== Information shown ==
====================

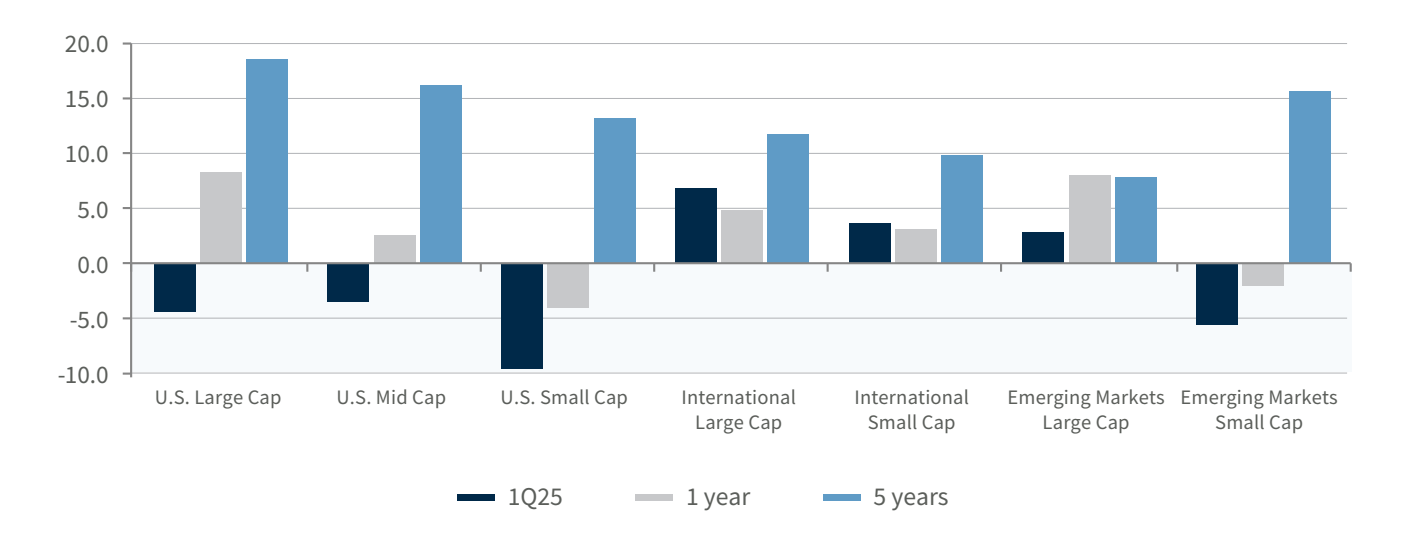
EQUITY RETURNS

The release of DeepSeek, a Chinese AI model produced at a much lower cost than leading U.S. models, complicated the quarter for the large domestic AI companies that have driven much of the headline gains for large-cap U.S. equity for the past two years. Priced to perfection at the end of 2024, those companies now face pressure to prove their high valuations.
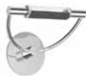
satin chrome retinato cod 1516

====================

== Task instructions ==
Please copy exactly, and only, the lines from the one that contains "The release of" through the last line of the data above, omitting all pictures.

== Response to the task ==
The release of DeepSeek, a Chinese AI model produced at a much lower cost than leading U.S. models, complicated the quarter for the large domestic AI companies that have driven much of the headline gains for large-cap U.S. equity for the past two years. Priced to perfection at the end of 2024, those companies now face pressure to prove their high valuations.
satin chrome retinato cod 1516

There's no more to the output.